Aplicados esos principios al caso concreto, los integrantes de la Cámara que este último criterio era el conveniente "para mantener indemne en la mayor medida posible la obligación alimentaria frente a los efectos de la inflación y porque por las particularidades del caso (deudor alimentario residente en el extranjero que percibe sus ingresos en una moneda de marcada fortaleza y estabilidad) no se corre el riesgo apuntado de que, por las contingencias económicas vernáculas, la obligación se torne excesivamente onerosa".

"Claro está que ello no significará que la cuota alimentaria deba ser pagada necesariamente en moneda extranjera. El demandado podrá cumplir la cuota pagando la cantidad de pesos (argentinos) equivalentes al monto que se fije en euros, tomando como base para el cálculo el valor oficial de la moneda europea, tipo vendedor, que informe el Banco de la Nación Argentina para el cierre de operaciones del día anterior al de la fecha del pago", aclaró la Cámara.

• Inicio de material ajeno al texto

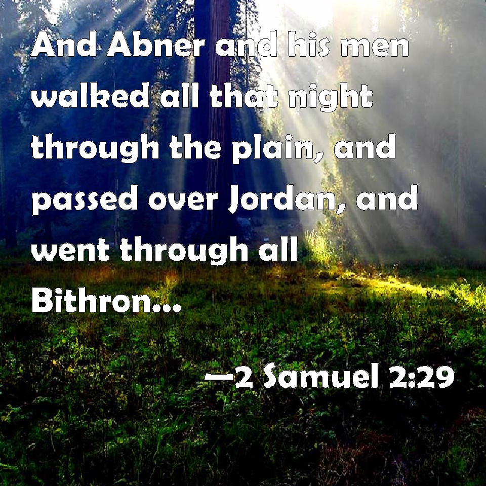Choose a Background 2 Samuel 2:29 And Abner and his men walked all that night through the plain, and passed over Jordan, and went through all Bithron, and they came to Mahanaim. KJV: And Abner and his men walked all that night through the plain, and passed over Jordan, and went through all Bithron, and they came to Mahanaim. DRB: And Abner and his men walked all that night through the plains: and they passed the Jordan, and having gone through all Beth-horon, came to the camp. DBT: And Abner and his men walked all that night through the plain, and passed over the Jordan, and went through all Bithron, and they came to Mahanaim. ERV: And Abner and his men went all that night through the Arabah; and they passed over Jordan, and went through all Bithron, and came to Mahanaim. WBT: And Abner and his men walked all that night through the plain, and passed over Jordan, and went through all Bithron, and they came to Mahanaim. WEB: Abner and his men went all that night through the Arabah; and they passed over the Jordan, and went through all Bithron, and came to Mahanaim. YLT: And Abner and his men have gone through the plain all that night, and pass over the Jordan, and go on through all Bithron, and come in to Mahanaim.Links 2 Samuel 2:29 NIV • 2 Samuel 2:29 NLT • 2 Samuel 2:29 ESV • 2 Samuel 2:29 NASB • 2 Samuel 2:29 KJV • 2 Samuel 2:29 Interlinear • 2 Samuel 2:29 Commentaries • 2 Samuel 2:29 Parallel Texts • 2 Samuel 2:29 Bible Apps • 2 Samuel 2:29 Parallel • Bible Hub |

Esa solución era la corresponde según el texto del art. 722 del Código Civil y Comercial, "el que, en su parte final dispone que “Una vez que el valor es cuantificado en dinero se aplican las disposiciones de esta sección”, es decir, se regirá por los arts. 765 y siguientes para las obligaciones de dar dinero o dinerarias y, en particular, que si se trata de obligaciones expresadas en moneda que no sea de curso legal en la República, el deudor podrá liberarse dando el equivalente en moneda de curso legal".

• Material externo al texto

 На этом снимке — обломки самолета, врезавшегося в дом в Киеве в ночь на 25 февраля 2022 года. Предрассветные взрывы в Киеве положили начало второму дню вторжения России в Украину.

F., M.C. C/ K., M. p/ Alimentos Provisorios - Compulsa

DJ

A los fines de evitar confusiones, se hace saber a todas aquellas personas que visitan el blog que: Las consulta por temas que involucran situaciones particulares tienen un costo establecido por la Ley Nº 6767, artículo 22, y su modificatoria Ley Nº 12.851 (legislación vigente en la provincia de Santa Fe, República Argentina) y se realizan en entrevistas personales. Por Favor, requiera mayor información por e-mail o telefónicamente.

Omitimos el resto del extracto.